-- With the killing this week of four Americans by Somali pirates, there is renewed debate over how to deal with the piracy problem.
Among those studying the issue is Professor Peter Lehr of the University of St. Andrews in Scotland, author of the book Violence at Sea: Piracy in the Age of Global Terrorism.
Needle in a haystack
Somali piracy has been a tough problem to solve, despite international naval patrols.
“You never have enough warships on station,” Lehr says, “It’s simply not working. If you look at the coastline of Somalia alone, that’s 3,300 kilometers we are talking about. And then take a look at how far away from their own shores they strike. That’s now 1,500 nautical miles, which means that reaches up to the west coast of India to the Mozambique Channel. Looking for them is like looking for a needle in a haystack.”
There are two approaches to tackling piracy: by sea and by land, Lehr says.
“The ships on voyage – freighters, container ships, tankers and yachts, whatever – they need to have protective measures on their own. Now again, there are two different approaches. One is non-violent measures like having razor wire, high pressure hoses if you have a big ship, a 24/7 watch, evasive maneuvers. And there are now also violent approaches,” he says.
This includes the use of armed security guards on board the vessels. Pirates getting more violent
Besides the four Americans who were killed after being taken from their yacht, Lehr says a sailor aboard a hijacked vessel was recently shot dead. “So the risk to your life as a sailor is now getting higher and higher. So, although I do not necessarily talk in favor of armed guards on board, that may make sense on certain ships,” he says.
As for the second anti-piracy approach, Lehr says, “Piracy is a land-based problem, which means in the end you will have to tackle where it comes from and that’s the Somali shores.”
Some analysis say attacking pirate bases on the Somali mainland would violate the country’s sovereignty.
“It is, of course, a problem, not that I’m a specialist in international law. But one thing you have to note is that Somalia is a failed state. I think a U.N. decision that would allow us, whoever that is, to get ashore. We’ve done it already in the early 1990s, as you remember, Operation Restore Hope.”
However, the U.S. effort to break a famine in Somalia eventually led to involvement in Somalia’s political turmoil. “Which also means that if we, whoever that is, attack pirate lairs on the shore, we might get in conflict with al Shabab,” the Islamist militant group trying to topple the Transitional Federal Government.
He says is al Shabab is eager to take on the “western crusaders, as they call us. That might actually worsen the problem.”
Arrest and prosecute
A number of captured pirates have been brought to trial. But Lehr says that’s not much of a deterrent to attacking ships.
“There’s this joke about catch and release. Lots of pirates get actually taken on board warships and then put back on their shores without any further ado because many countries are reluctant to actually bring them to justice,” he says.
One example of where it may have worked, he says, is the more than 30-year sentence given to a Somali pirate who was tried in New York for the 2009 hijacking of the Maersk Alabama.
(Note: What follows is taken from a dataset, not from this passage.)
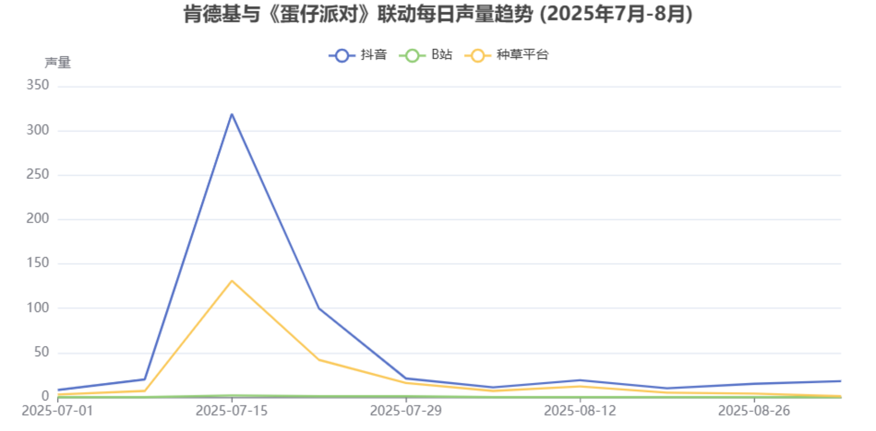 在社媒表现方面,本次联动在抖音、Bilibili和种草平台等平台均引发了显著的关注。活动在7月14日预热和7月19日正式发售时达到声量与互动高峰。例如,抖音平台在7月14日声量峰值高达 1,272 条 [47] ,7月19日的互动量也达到了 83,453 次 [50] 。Bilibili和种草平台也呈现了相似的高峰趋势。 [48,49,51,52]

But going to jail in a developed nation may have a certain appeal to a Somali pirate, such as TV and three meals a day.
“So far, even ending up in a prison cell was a kind of a second prize for the pirate. Either you get rich (from ransom) or at least you get a decent life. If you take a look at the grim situation over there in Somalia, they do everything to escape from that,” says Lehr.
He says getting a U.N. mandate to allow the international community to attack pirate bases is only part of the solution.
He says, “There are some powerful navies in the region, who are doing actually nothing. I would point out Saudi Arabia, for example, which has quite a sophisticated navy and quite a lot of money. Some Saudi tankers were already taken hostage by pirates, so why are they not contributing to anti-piracy operations as they should?”
Saudi involvement, he says, would dispel any image of a western crusade against a Muslim state.